→ **Task directions**
Below is a listing with pictures in it; transcribe exactly the lines from the one that has "1月17日下午,安阳市江苏商" through the one that has "彩票ID购买时间状态操作", and omit those pictures.

→ **Information given**
- - -
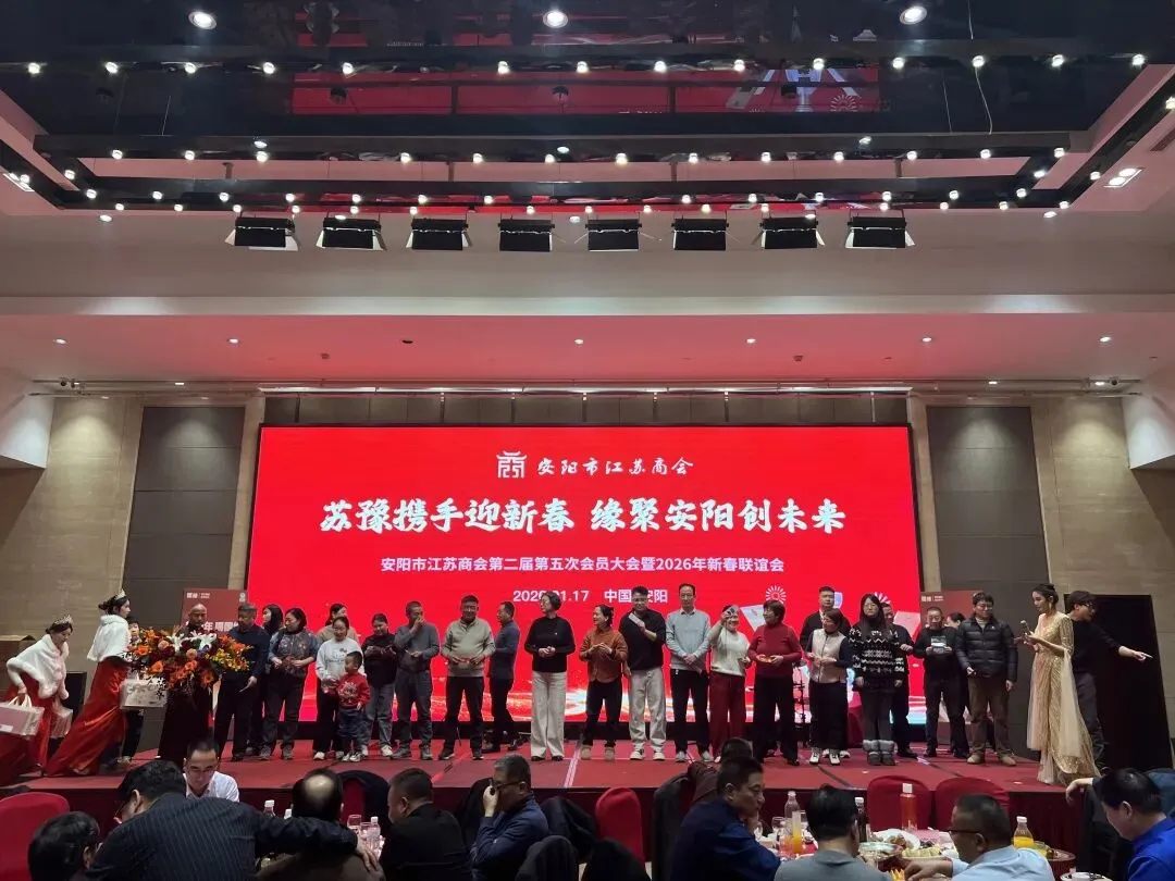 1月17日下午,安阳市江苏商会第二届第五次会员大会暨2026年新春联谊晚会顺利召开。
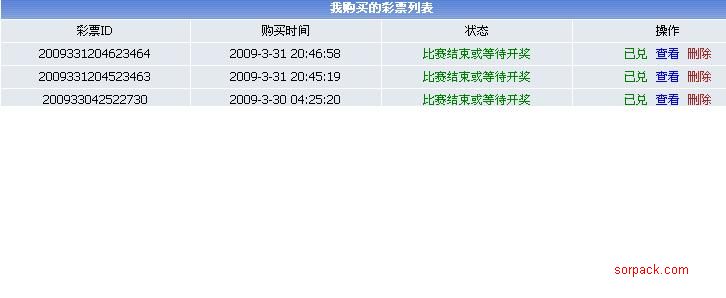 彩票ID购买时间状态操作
- - -
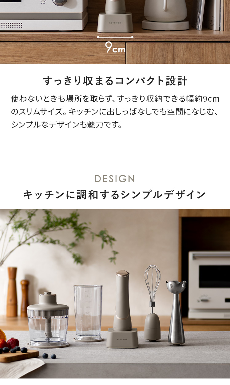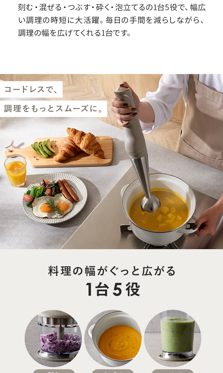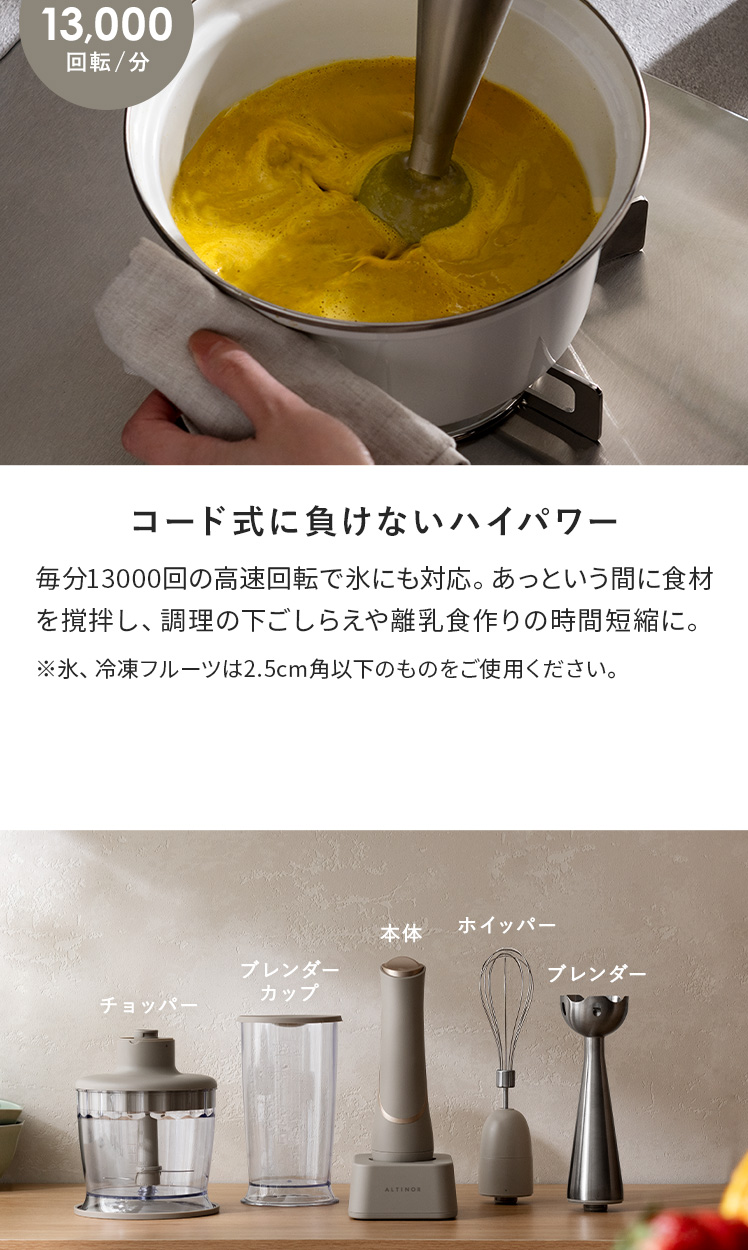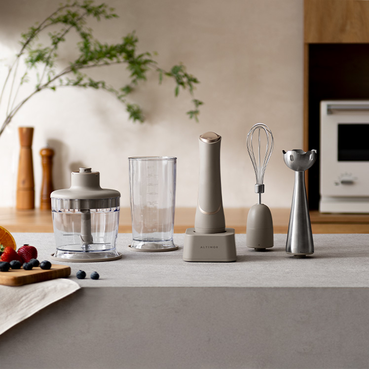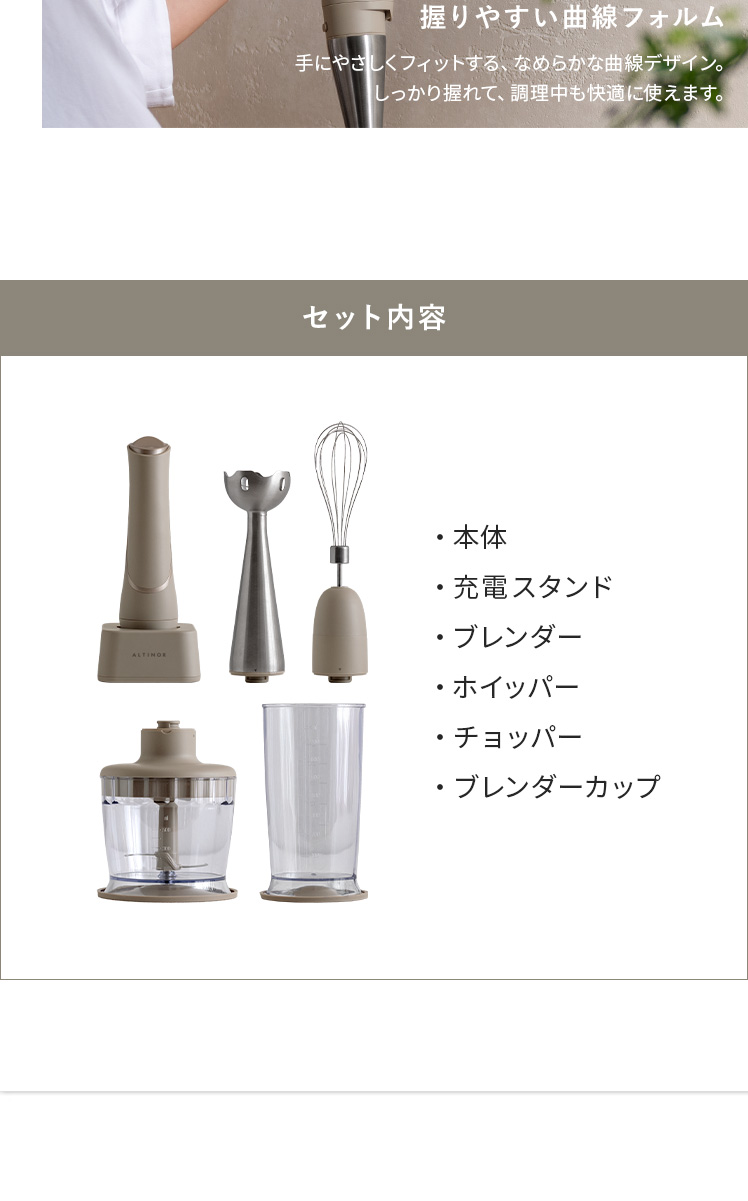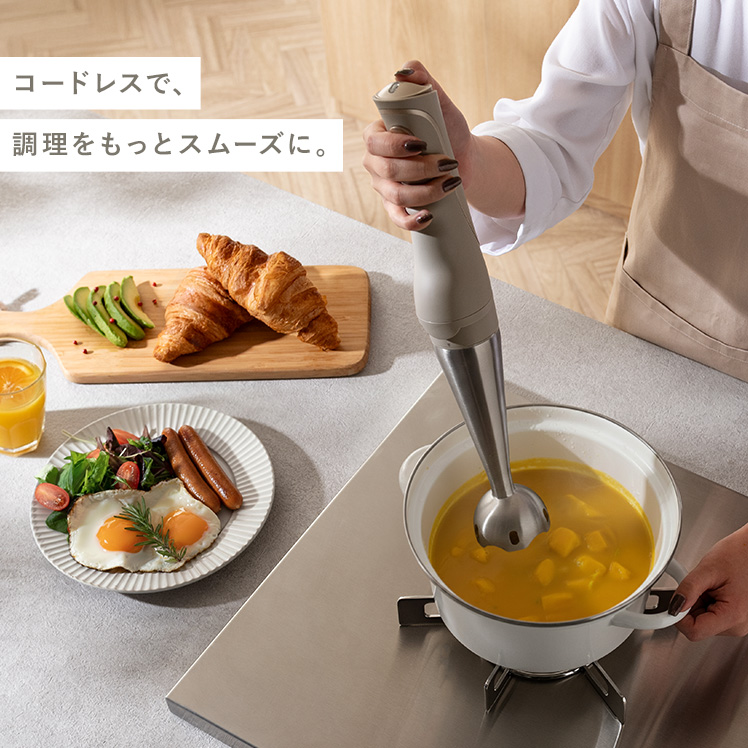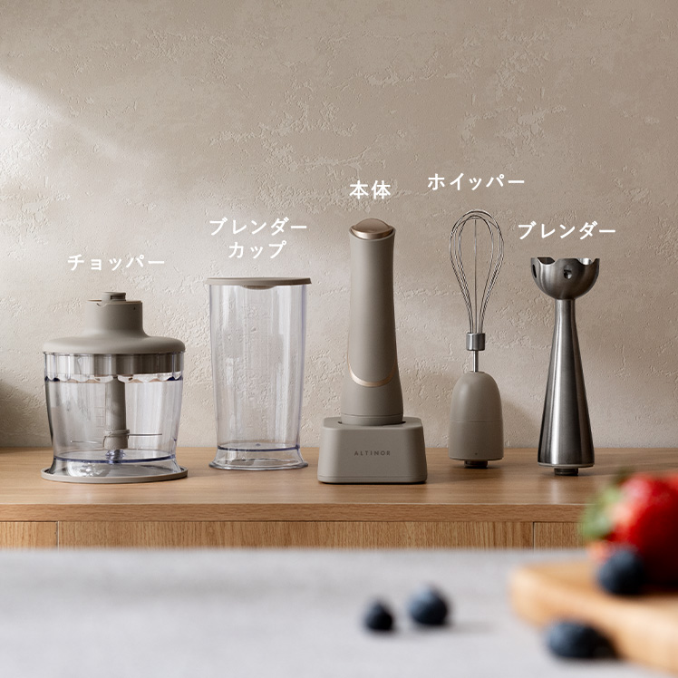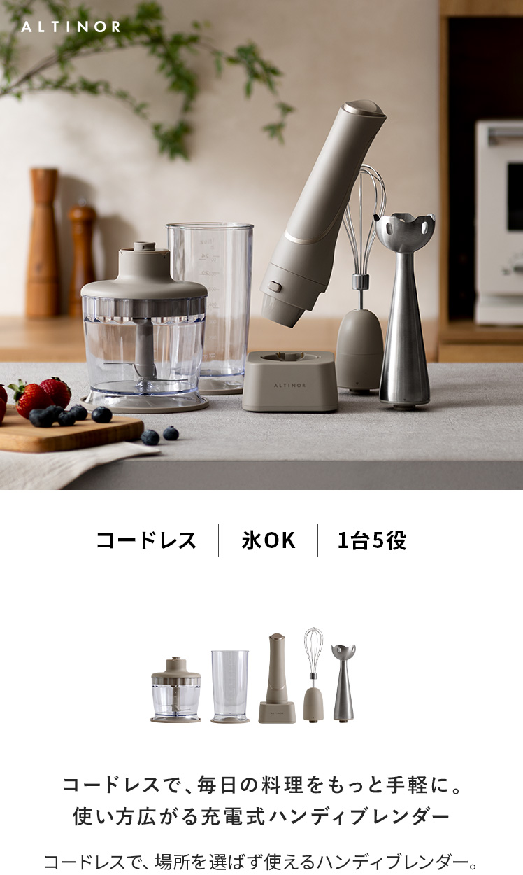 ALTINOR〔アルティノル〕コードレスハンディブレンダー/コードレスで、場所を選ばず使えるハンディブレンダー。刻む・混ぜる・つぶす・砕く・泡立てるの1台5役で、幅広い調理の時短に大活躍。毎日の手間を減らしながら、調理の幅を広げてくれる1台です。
- - -
→ **Result of the exercise**
 1月17日下午,安阳市江苏商会第二届第五次会员大会暨2026年新春联谊晚会顺利召开。
 彩票ID购买时间状态操作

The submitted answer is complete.